In practice, the application of this condition should be flexible. Geographically speaking, influence could be limited within a small area, such as a county or town, or extended to a vast region, such as a province or a city. The essence of the Anti-unfair Competition Law is that the prior rights holder may fall back on the law to seek protection for its rights. It would be unreasonable if a sign had to be well known or famous across China in order to be entitled to protection.

For further information on this topic please contact Hui Huang or Paul Ranjard at Wanhuida Peksung by telephone (+86 10 6892 1000) or email ( or The Wanhuida Peksung website can be accessed at and


(1) Article 10bis of the Paris Convention reads as follows:

(1) The countries of the Union are bound to assure to nationals of such countries effective protection against unfair competition.

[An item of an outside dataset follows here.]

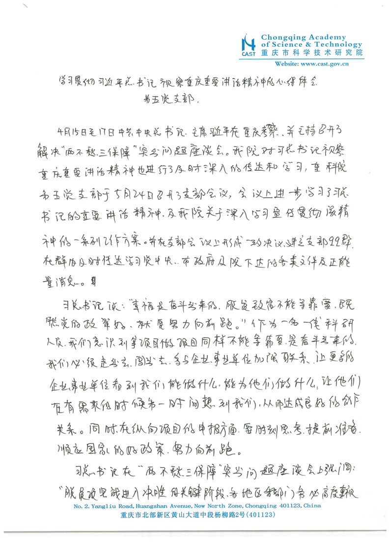 学习贯彻习近平总书记视察重庆重要讲话精神的心得体会 - 程仁菊

(2) Any act of competition contrary to honest practices in industrial or commercial matters constitutes an act of unfair competition.

(3) The following in particular shall be prohibited:

1. all acts of such a nature as to create confusion by any means whatever with the establishment, the goods, or the industrial or commercial activities, of a competitor;

2. false allegations in the course of trade of such a nature as to discredit the establishment, the goods, or the industrial or commercial activities, of a competitor;

3. indications or allegations the use of which in the course of trade is liable to mislead the public as to the nature, the manufacturing process, the characteristics, the suitability for their purpose, or the quantity, of the goods.

(2) This update is part of a series that examine the new Anti-unfair Competition Law in view of Article 10bis of the Paris Convention and the Trademark Law. For previous updates in the series, please see "Relationship between new Anti-unfair Competition Law and Paris Convention: general principles" and "Relationship between new Anti-unfair Competition Law and Paris Convention: misleading consumers".

(3) The M&G pen case, Supreme People's Court, 2010 Min Ti Zi 16.

(4) The Northeastern cuisine case, Guangdong High Court, 2001 Yue Gao Fa Zhi Zhong Zi 63.

(5) Hutong Sightseeing, Beijing High Court, 2002 Gao Min Zhong Zi No 84.